ナオはそうヴァルムに答え、もう一度横になった。そして瞳を閉じる。瞳を閉じるといつものように意識が飛ぶ。何処に飛ぶのかは分かっている。自分が誰かも分かっている。

そう、瞳を開ければ、そこはーーーー


***


「………寝た…かな?」


ヴァルムは静かな寝息を立てて寝始めたナオを確認して、剣を地面に置いた。剣には以前までまとわっていた瘴気はない。自分でもよくわからないが消えていた。『あの歌』を歌った頃くらいに。


ヴァルムはユーリから分けてもらった腰のポーチからたくさんのガラスの、粉々になった破片を取り出す。ちなみにポーチは普通のでユーリの予備である。

ガラスの破片は何個か組合せが終わっているがまだまだ先は長い。ヴァルムは一つ一つ、丁寧に組み合わせて行く。

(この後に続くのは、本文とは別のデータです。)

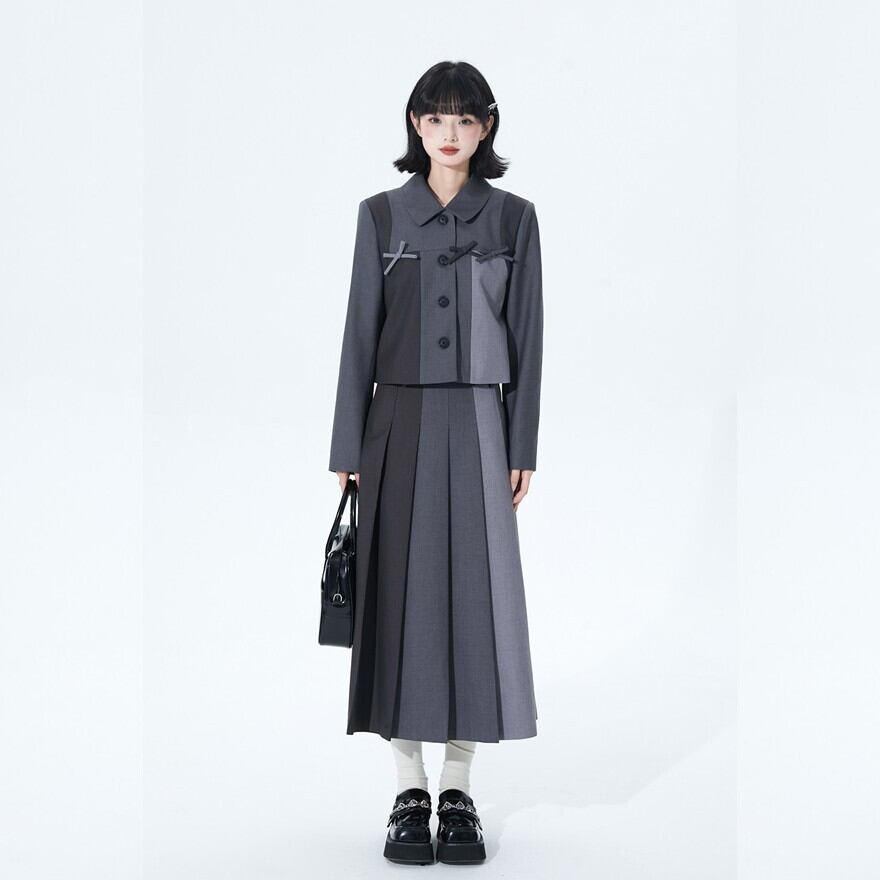 濃淡の異なるグレーを組み合わせた配色が印象的な、クラシカルロリータのセットアップです。短め丈のジャケットと長めのプリーツスカートが縦のラインをきれいに見せ、甘さを控えめにしながらも上品な可愛らしさを感じさせてくれます。整った印象がありながら堅くなりすぎず、日常のおでかけにも取り入れやすい一着です。

これらは全てナオが壊したモノだ。たまたま、ヴァルムがナオが何かを粉々に壊しているのを目撃したのだ。壊した時、ナオはとても悲しそうだった。ナオは粉々になった破片を名残惜しそうに、悲しそうに眺め、そこを後にしたのだ。ヴァルムはそれがナオにとって大切なものだと思った。だからその全ての破片を集め、作り直そうとしているのだ。せめて、自分ができることから、と。


「…なんだったんだろ、これ」


先が見えないパズル。だがヴァルムはゆっくりとその止まっていた手元を動かし始めた。